Today is National Foster Care Day, the first Tuesday in National Foster Care Month.   It also is always a week or two before Mother’s Day.  This year, because of the way the days landed on the calendar, the two events are only a few days apart.   For foster children and foster parents, the days may not be times to celebrate, but reminders that things are not the way they are supposed to be.  We have to find ways to deal with the fact that, although we are not the people who are supposed to be there, we are in their lives.

One of the hardest parts of being a foster parent, or a stepparent for that matter, is our child’s bone-deep sense that we are not the people who are supposed to be in their lives.  It’s not a logical belief, but an almost primal sense that is too deep to be reached by logic.  And on some level, they are right – if the world worked the way it should, we would not be in their lives.

As we have discussed before, there are ways we can grapple with the fact that our children do not want us in their lives.  But regardless of how they feel, we are the people who ARE there, and we should never apologize for that fact.

When we are our child’s second choice (or non-choice) as a parent, it is tempting to overcompensate.  It is all too easy to let understanding their motivations turn into making excuses for them.  We have to resist that temptation and recognize that we are an adult in the family with an adult’s responsibilities.  As a stepson phrased it a few months before my marriage, I was the “soon-to-be female authority figure in the house.”  Children need the structure of an authority figure.  No matter how much I might regret the circumstances that brought my children into my life, my job is to provide the love and structure that they need.

Of course, providing structure automatically makes us the bad guy.  If we enforce visitation times, we are trying to keep children away from their parents.  If we insist that they complete chores, we are being unfair and trying to control everyone.  If we hold the line on curfews, we are not letting them grow up.  Being the bad guy is the inescapable price of being an adult.

It is particularly hard to provide structure when we believe that our children have already had an unfair deal in life.  It is easier for us to let them slide and accept their trauma as an excuse.  Sometimes ignoring a problem is a wise temporary solution, but it is very harmful over the long term.   Most childhood trauma occurs alongside chaos and upheaval.  If we do not provide consistent structure, then we are only mimicking that early instability.

In practice, this principle goes beyond simply enforcing rules.  We have to remind children, even when we are letting them bounce off of us, that we are not going anywhere.  For example, when one of my foster daughters yelled that she did not want me as her mother, my training class had taught me to say, “I understand that, and I’m very sorry that your mother is not here.  But I am here, and I care about you, and these are the house rules.”   A six-year-old girl I cared for cried every morning that she wanted to be back in her blue house.
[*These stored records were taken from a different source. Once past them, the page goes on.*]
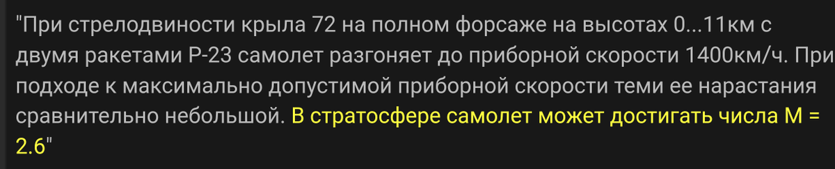 The Soviets did indeed achieve their goal of making the MiG-23 capable of very high Mach. The MiG-23ML flight manual states at page 189 that a Mach number of 2.6 is achievable while armed with two R-23 missiles and the wings set at 72° sweep angle, in the stratosphere.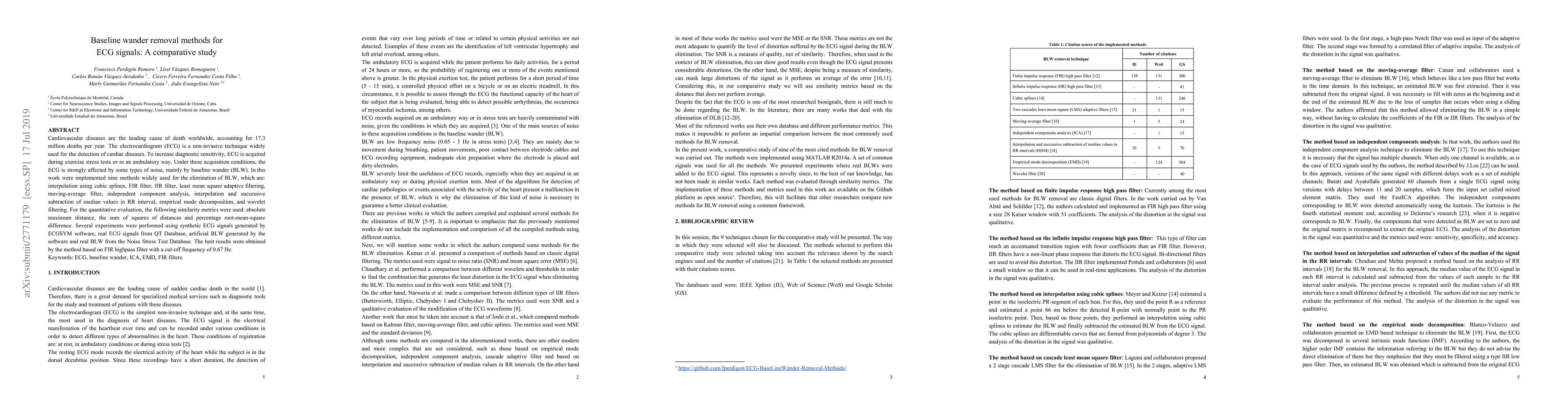 Cardiovascular diseases are the leading cause of death worldwide, accounting for 17.3 million deaths per year. The electrocardiogram (ECG) is a non-invasive technique widely used for the detection of cardiac diseases. To increase diagnostic sensitivity, ECG is acquired during exercise stress tests or in an ambulatory way. Under these acquisition conditions, the ECG is strongly affected by some types of noise, mainly by baseline wander (BLW). In this work were implemented nine methods widely used for the elimination of BLW, which are: interpolation using cubic splines, FIR filter, IIR filter, least mean square adaptive filtering, moving-average filter, independent component analysis, interpolation and successive subtraction of median values in RR interval, empirical mode decomposition and wavelet filtering. For the quantitative evaluation, the following similarity metrics were used: absolute maximum distance, the sum of squares of distances and percentage root-mean-square difference. Several experiments were performed using synthetic ECG signals generated by ECGSYM software, real ECG signals from QT Database, artificial BLW generated by software and real BLW from the Noise Stress Test Database. The best results were obtained by the method based on FIR high-pass filter with a cut-off frequency of 0.67 Hz.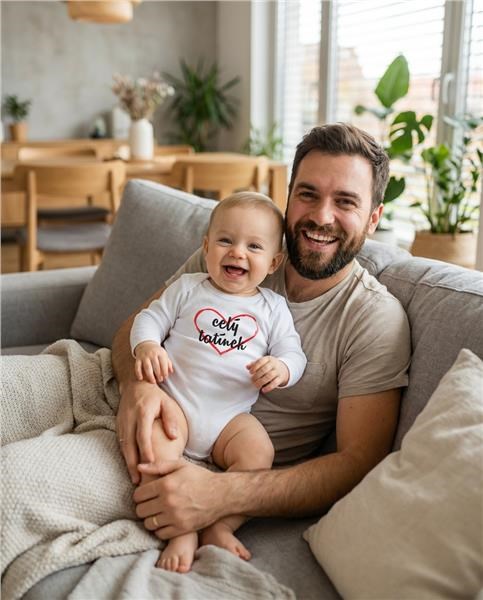 Originální bavlněné kojenecké body s dlouhým rukávem New Baby, s vtipným nápisem celý tatínek. Barvy použité k potisku jsou certifikované a vhodné pro miminka. Je vyrobeno z příjemného a kvalitního materiálu, ve kterém se bude Vaše miminko cítit příjemně. Body má zapínáni na cvočky na ramínku a mezi nožičkami, což usnadňuje oblékání a přebalování. Dopřejte Vašemu miminku vyniknout v originálním body. Složení: 100% bavlna. Rozměry: obvod kolem hrudníku cca 34 cm, délka rukávu cca 16 cm, celková délka cca 30 cm.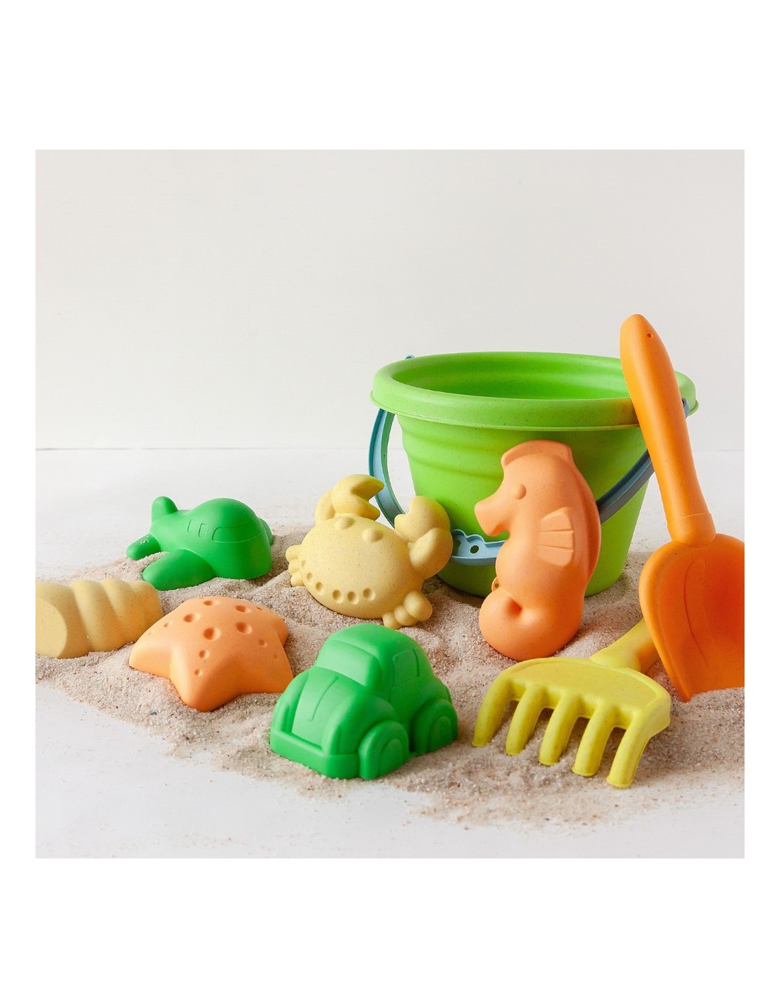 El pack está compuesto por un cubo, pala, rastrillo y varios moldes de arena hasta un total de 8 piezas. - ¿Solo sirve para la playa?

I learned to let her cry for a long while, and then say gently, “I’m sorry that you are not at the blue house.  Now the bus is on the way and you have to go to school today.”  We can understand their loss, but we have to help them face life as it is.

We also have to be secure in the benefits that we bring to the family.  Whatever the circumstances that brought our children into our lives, we have virtues and skills to share with them.  Our children may not recognize their value, and estranged biological parents certainly will not, but that reaction does not matter.   As long as we and our spouses know our value, we have done our job.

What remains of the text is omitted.